Activity - With the pictures omitted, print exactly the lines below, from the one containing "I am very sorry" through the one containing "展柜中两件毛利人传统木牙饰件", and nothing else.

Supplied material -
################

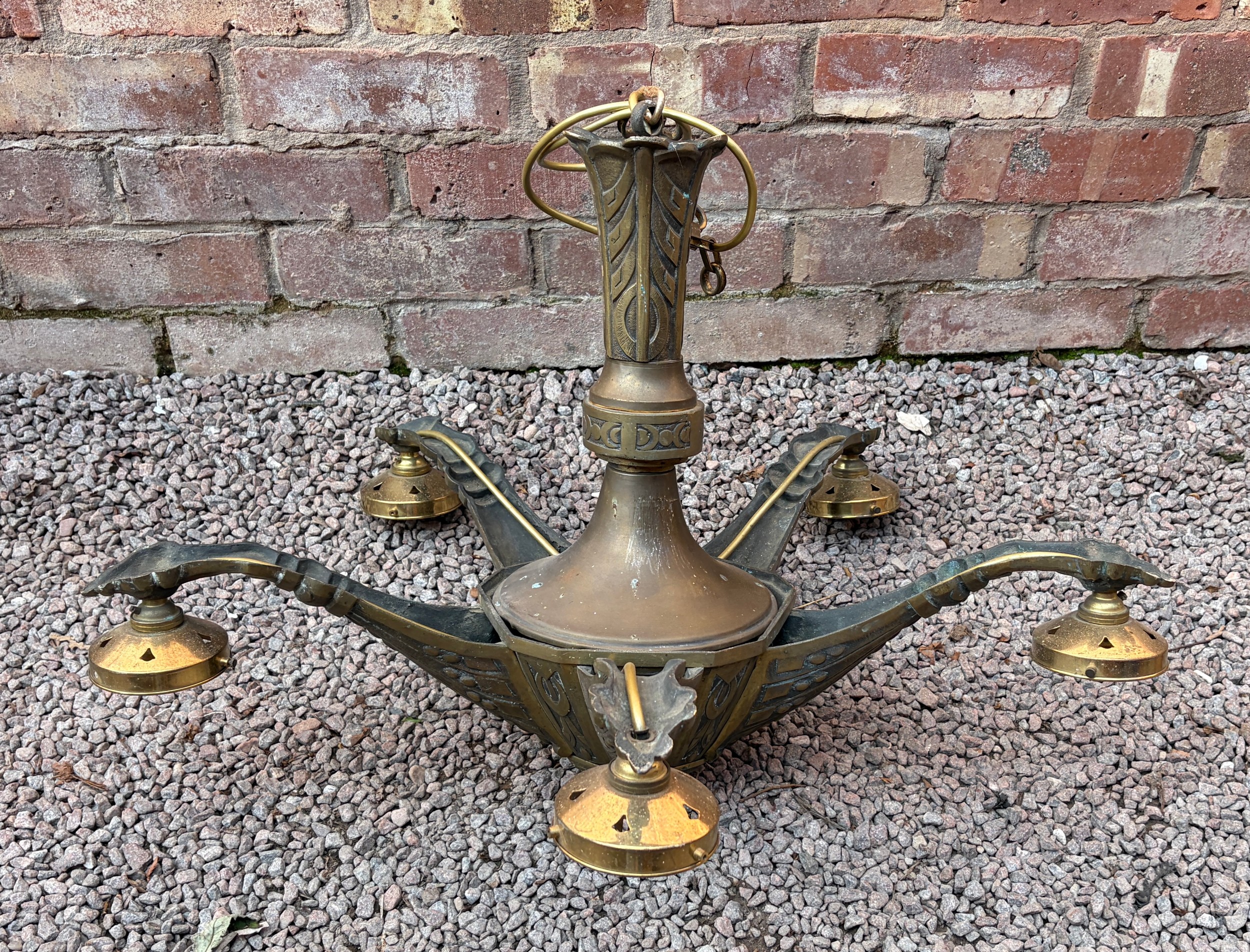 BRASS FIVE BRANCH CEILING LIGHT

################

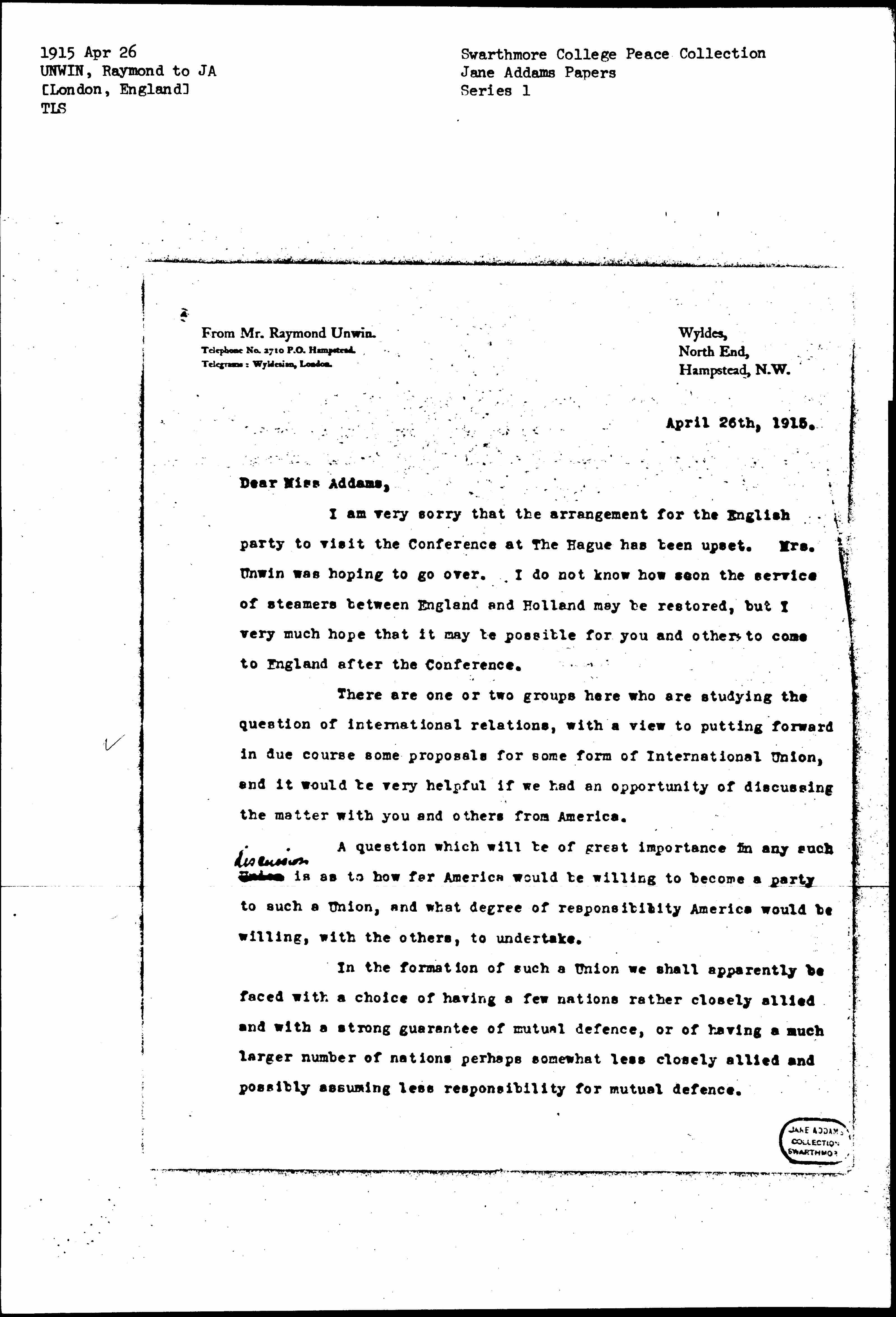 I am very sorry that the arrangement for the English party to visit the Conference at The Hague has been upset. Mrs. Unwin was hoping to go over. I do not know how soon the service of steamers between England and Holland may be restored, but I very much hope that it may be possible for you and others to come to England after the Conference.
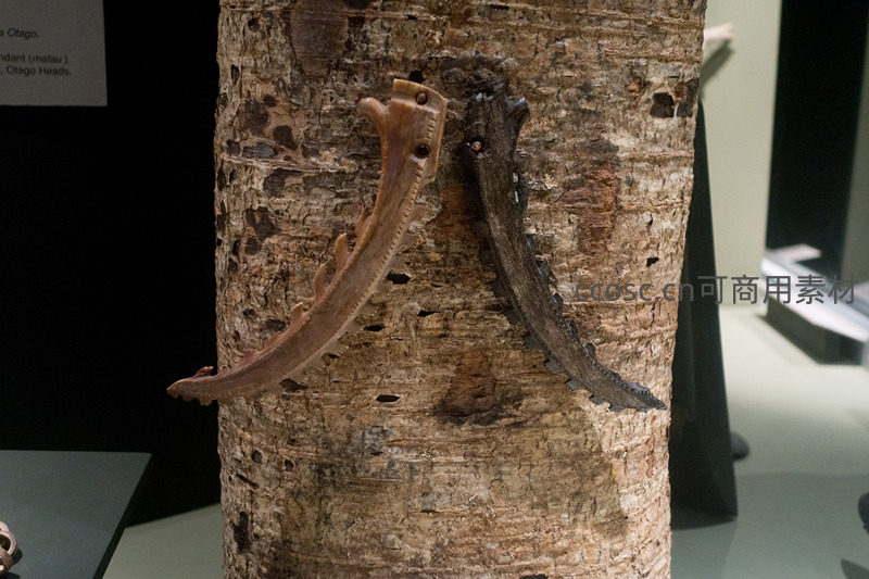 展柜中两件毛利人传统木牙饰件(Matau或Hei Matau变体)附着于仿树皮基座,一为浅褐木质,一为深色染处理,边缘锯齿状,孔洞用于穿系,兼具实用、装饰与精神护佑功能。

################

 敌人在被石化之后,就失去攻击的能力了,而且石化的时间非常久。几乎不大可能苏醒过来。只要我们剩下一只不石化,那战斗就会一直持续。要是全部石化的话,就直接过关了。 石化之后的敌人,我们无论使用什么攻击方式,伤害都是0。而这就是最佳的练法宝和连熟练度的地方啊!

################

Task answer -
 I am very sorry that the arrangement for the English party to visit the Conference at The Hague has been upset. Mrs. Unwin was hoping to go over. I do not know how soon the service of steamers between England and Holland may be restored, but I very much hope that it may be possible for you and others to come to England after the Conference.
 展柜中两件毛利人传统木牙饰件(Matau或Hei Matau变体)附着于仿树皮基座,一为浅褐木质,一为深色染处理,边缘锯齿状,孔洞用于穿系,兼具实用、装饰与精神护佑功能。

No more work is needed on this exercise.